Engineered log jams near Tharwa are a rehabilitation activity undertaken as part of the Upper Murrumbidgee Demonstration Reach (UMDR) initiative. The UMDR is a 100-kilometre stretch of river from Bredbo to Casuarina Sands. The log jams, which are made of interlocking hardwood logs and rock, will benefit native aquatic species including threatened Murray Cod, Trout Cod, Macquarie Perch and Murray Crayfish. Water flowing past the log jams is scouring away a century of sand build-up from human-induced erosion, deepening the channel to help fish move between good habitat and breeding zones.
The Tharwa Fish Habitat Project has received funding of approximately $300 000 and is supported by organisations including the Australian Government, the ACT Government, ACTEW and the Southern ACT Catchment Group.
The river corridor will be further improved and stabilised with tree planting, weed control and site rehabilitation under the ACT Million Trees Program. This revegetation will improve bank stability, thus reducing the risk of erosion and further deposition of sediment into the river.
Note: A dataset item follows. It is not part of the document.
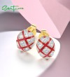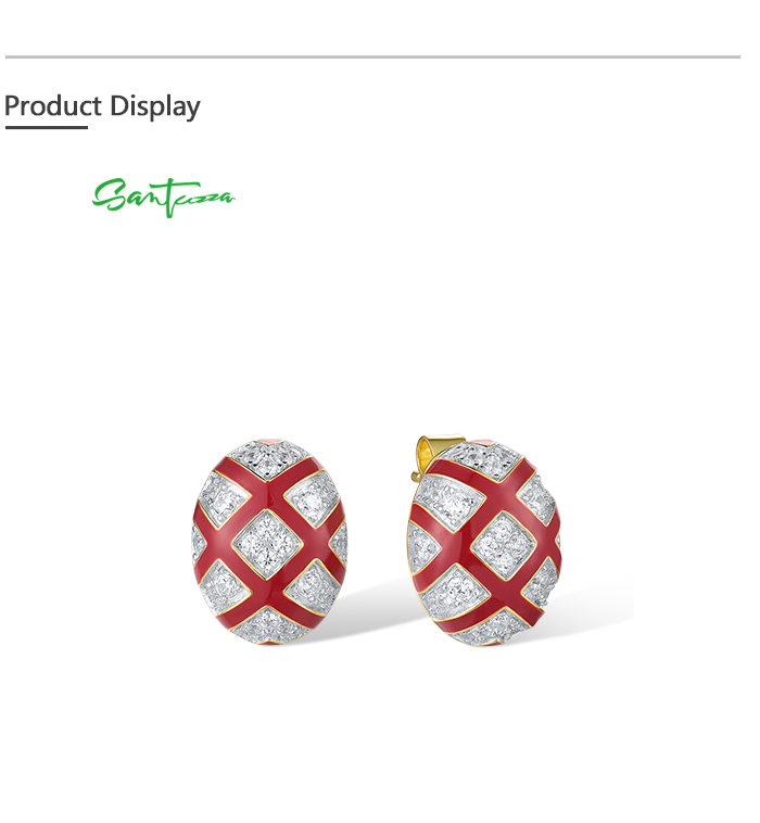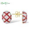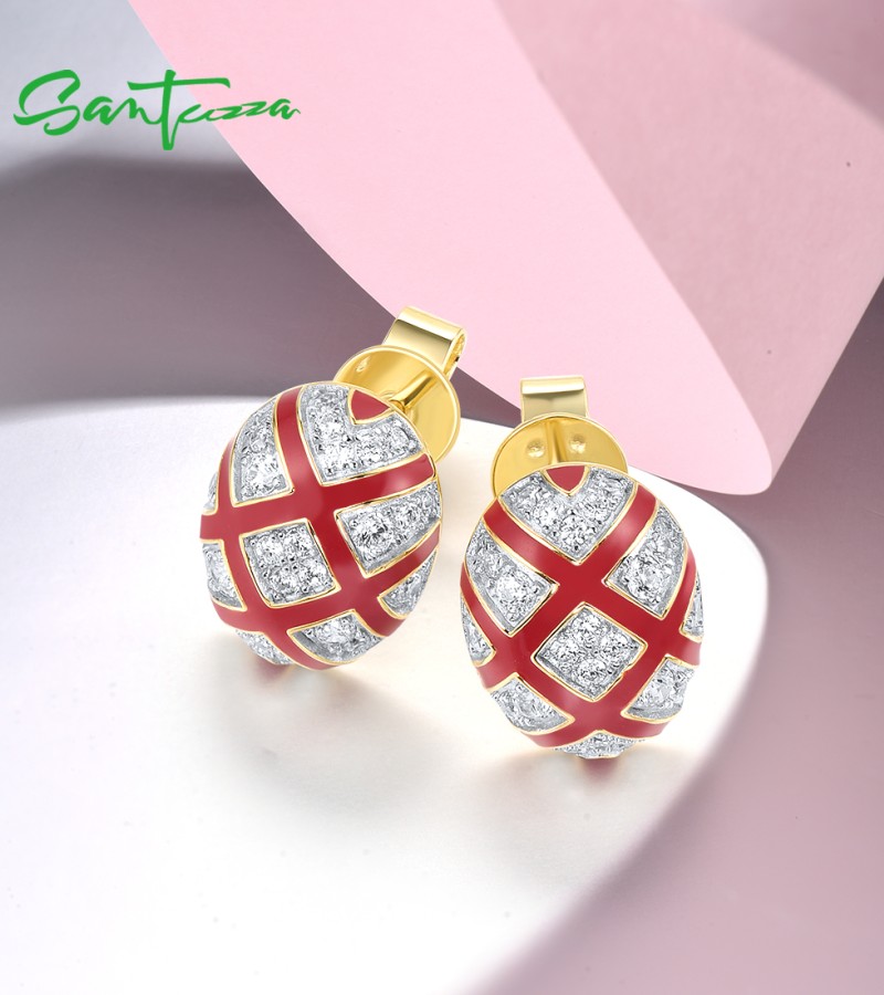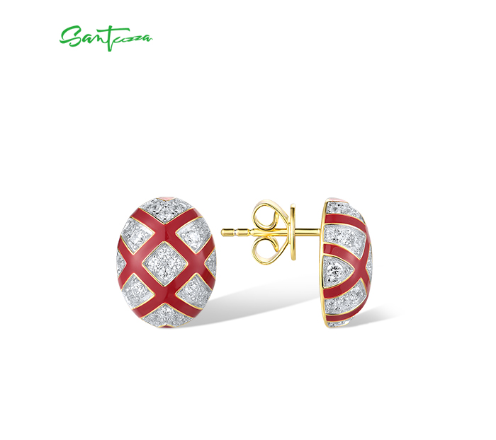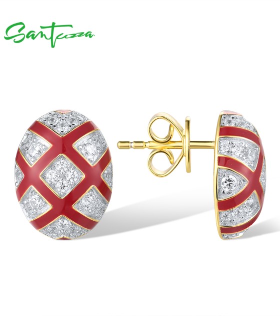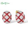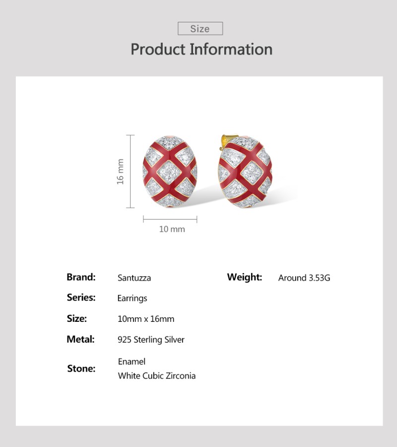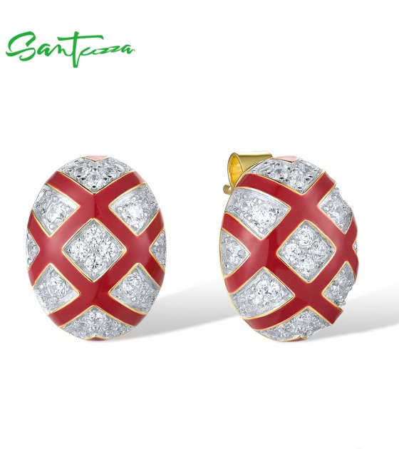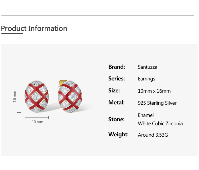 SANTUZZA 925 Sterling Silver Stud Earrings White CZ Red Cross Oval Enamel Jewelry

Despite the short amount of time since completion, channel deepening in the UMDR has already been observed.
Completed log jams in the Cotter River. Photo: ACT Government
2.3.4 Resilience to pressures
A resilience assessment involves looking at the systems, networks, human resources and feedback loops involved in maintaining environmental values (see Chapter 9).
It is important to understand the drivers and impacts of climate change in order to develop strategies to address the risks they pose to human wellbeing and the natural environment. Building resilience in the social and environmental systems of the ACT is a core part of these strategies, as building resilience enables a focus on maintaining the desired values of the ACT’s environment despite the effects of climate change.
Natural ecosystems have been identified as one of the sectors most vulnerable to climate change in Australia. It is therefore likely that the delivery of ecosystem services will be substantially altered under future scenarios of climate change.15–17 To date, there have been few studies that have specifically looked at climate change impacts on ecosystem services on the Australian continent,15,17 but research from Europe and North America has identified key effects that are likely to occur in many regions.32–36
In the ACT region, the combined effect of decreased rainfall, increased temperatures and increased fire incidents is likely to substantially alter the function, composition and structure of ecosystems.18 Existing threats to biodiversity may be exacerbated.32,37 As a result of these various climate change impacts, the capacity of ecosystems to provide benefits such as clean air, food and water may be hampered, and the cultural values of ecosystems may be diminished.